Christmas Rum Cake
Jill Park

1 or 2 quarts rum
1 cup butter
2 large eggs
1 cup dried fruit
baking powder
1 tsp soda
lemon juice
brown sugar

Before you start, sample the rum to check for quality. Good isn't it? Now go ahead. Select a large mixing bowl, measuring cup, etc. Check the rum again. It must be just right. To be sure the rum is of the highest quality, pour one level cup of rum into a glass and drink it as fast as you can. Repeat. With an electric mixer beat 1 cup of butter in a large fluffly bowl. Add 1 seaspoon of thugar and beat again. Meanwhile, make sure that the rum is of the finest quality. Try another cup. Open the second quart if necessary. Add 2 arge leggs. 2 cups fried druit and beat till high. If druit gets stuck in the beaters, just pry it loose with a drewscriver.
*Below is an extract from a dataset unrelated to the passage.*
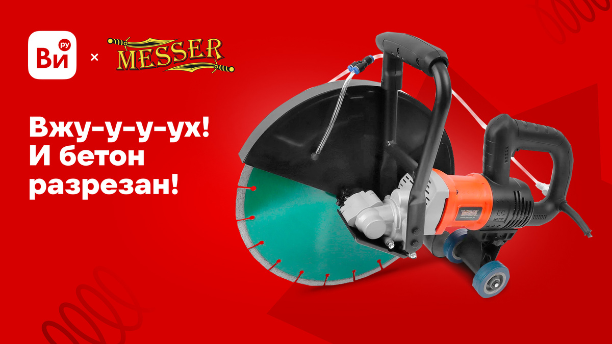 Какой инструмент справится с резкой бетона и не сломается под натиском этого твердого материала? Конечно, мощный! Такой как бетонорез MESSER 6832. Больше возможностей У инструмента мощный бесщеточный двигатель на 3 500 Вт. Что это дает? Конструкция редуктора позволила увеличить глубину реза до 155 мм при диаметре диска 350 мм. Обычно резчики с таким же диском режут на 115 – 125 мм. Электрический двигатель не создает вредных выхлопов, поэтому инструмент подходит для работы внутри помещений. Плюс такой двигатель не требует обслуживания, в отличие от бензиновых моделей. Отзывы наших покупателей подтверждают высокую производительность MESSER 6832 И сухой, и мокрый рез У инструмента есть система подачи воды в зону реза. Благодаря этому можно минимизировать количество образующейся пыли и защитить дорогостоящие диски от преждевременного износа. Нет возможности использовать воду? Можно работать в режиме сухой резки. Только в этом случае придется делать перерывы каждые 30 – 40 секунд – так диск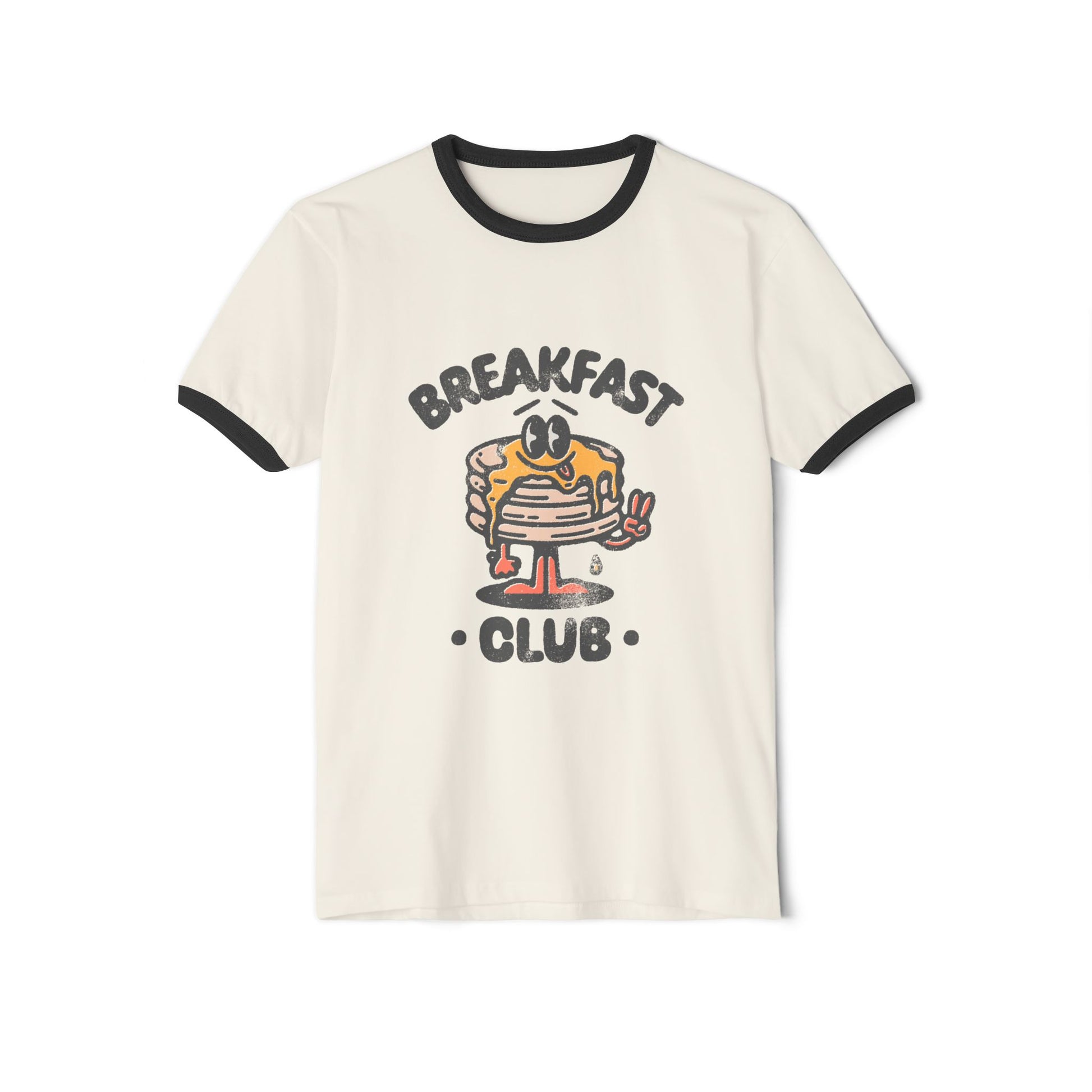 Retro 80s Scratch ‘n Sniff Pancake Sticker Unisex Ringer Tee, Vintage Style Soft Cotton T-Shirt. This T-Shirt gives off a nostalgic and fun vibe, perfect for those who love vintage styles. It can be a great addition to a casual outfit for a laid-back day or a fun-themed event. Ideal for pancake lovers, 80s enthusiasts, and those who appreciate unique designs.

Sample th erum again, checking for tonsciscticity. Next sift 3 cups of pepper or salt (it really doesn't matter). Sample the rum again. Sift 1/2 pint of lemon juice. Fold in chopped butter and strained nuts. Add 1 babblespoon of brown thugar, or whatever color you can find. Wix mel. Grease overn and turn cake pan to 350 gredees. Now pour the whole mess into the boven and ake. Check the rum again and go to bed.